Task details
Find the line with "Charming 3 bedroom" in the entries below, then output every line from it down to the line with "For maximum professionalism, the", exactly and with no pictures.

Supplied material
☆ ☆ ☆ ☆ ☆ ☆ ☆
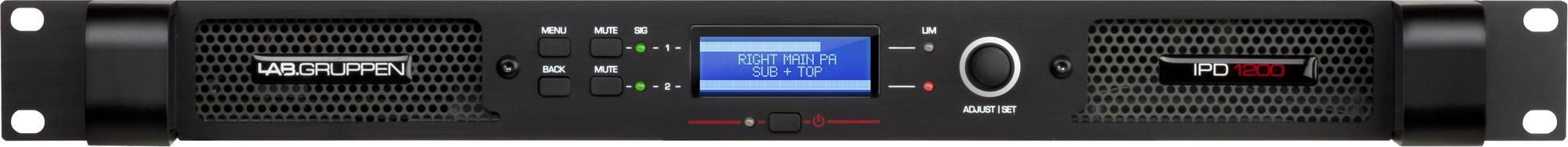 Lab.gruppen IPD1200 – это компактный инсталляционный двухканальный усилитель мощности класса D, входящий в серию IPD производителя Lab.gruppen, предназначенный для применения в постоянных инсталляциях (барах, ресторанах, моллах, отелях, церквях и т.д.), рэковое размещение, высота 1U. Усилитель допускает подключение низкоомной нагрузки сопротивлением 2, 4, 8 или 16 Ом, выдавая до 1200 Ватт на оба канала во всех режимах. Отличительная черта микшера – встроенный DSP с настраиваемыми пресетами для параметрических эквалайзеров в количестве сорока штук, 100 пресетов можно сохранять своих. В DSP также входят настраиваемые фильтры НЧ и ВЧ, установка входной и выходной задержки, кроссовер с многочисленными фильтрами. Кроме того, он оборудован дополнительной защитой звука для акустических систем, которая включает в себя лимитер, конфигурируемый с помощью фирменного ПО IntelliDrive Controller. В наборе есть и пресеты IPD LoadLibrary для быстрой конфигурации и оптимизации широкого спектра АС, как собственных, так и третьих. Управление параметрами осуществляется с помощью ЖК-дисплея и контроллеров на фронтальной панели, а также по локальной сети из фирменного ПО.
☆ ☆ ☆ ☆ ☆ ☆ ☆
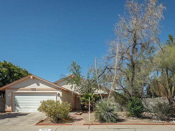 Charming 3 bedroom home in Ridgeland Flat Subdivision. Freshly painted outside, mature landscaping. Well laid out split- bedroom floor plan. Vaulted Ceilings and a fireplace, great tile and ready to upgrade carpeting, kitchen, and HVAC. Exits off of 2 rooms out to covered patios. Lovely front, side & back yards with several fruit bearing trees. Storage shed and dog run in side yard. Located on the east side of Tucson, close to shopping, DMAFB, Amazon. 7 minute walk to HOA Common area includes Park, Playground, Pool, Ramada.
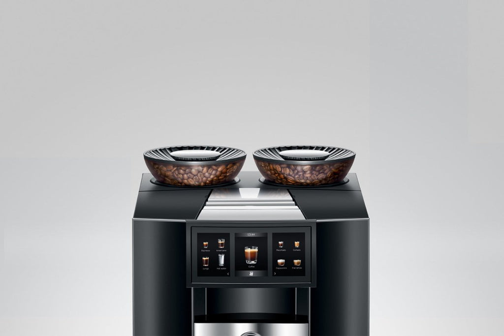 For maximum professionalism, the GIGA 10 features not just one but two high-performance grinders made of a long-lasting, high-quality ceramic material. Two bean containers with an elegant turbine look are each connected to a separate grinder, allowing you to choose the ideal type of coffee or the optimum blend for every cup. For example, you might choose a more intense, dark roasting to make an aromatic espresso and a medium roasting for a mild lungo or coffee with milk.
☆ ☆ ☆ ☆ ☆ ☆ ☆
Output for this task
 Charming 3 bedroom home in Ridgeland Flat Subdivision. Freshly painted outside, mature landscaping. Well laid out split- bedroom floor plan. Vaulted Ceilings and a fireplace, great tile and ready to upgrade carpeting, kitchen, and HVAC. Exits off of 2 rooms out to covered patios. Lovely front, side & back yards with several fruit bearing trees. Storage shed and dog run in side yard. Located on the east side of Tucson, close to shopping, DMAFB, Amazon. 7 minute walk to HOA Common area includes Park, Playground, Pool, Ramada.
 For maximum professionalism, the GIGA 10 features not just one but two high-performance grinders made of a long-lasting, high-quality ceramic material. Two bean containers with an elegant turbine look are each connected to a separate grinder, allowing you to choose the ideal type of coffee or the optimum blend for every cup. For example, you might choose a more intense, dark roasting to make an aromatic espresso and a medium roasting for a mild lungo or coffee with milk.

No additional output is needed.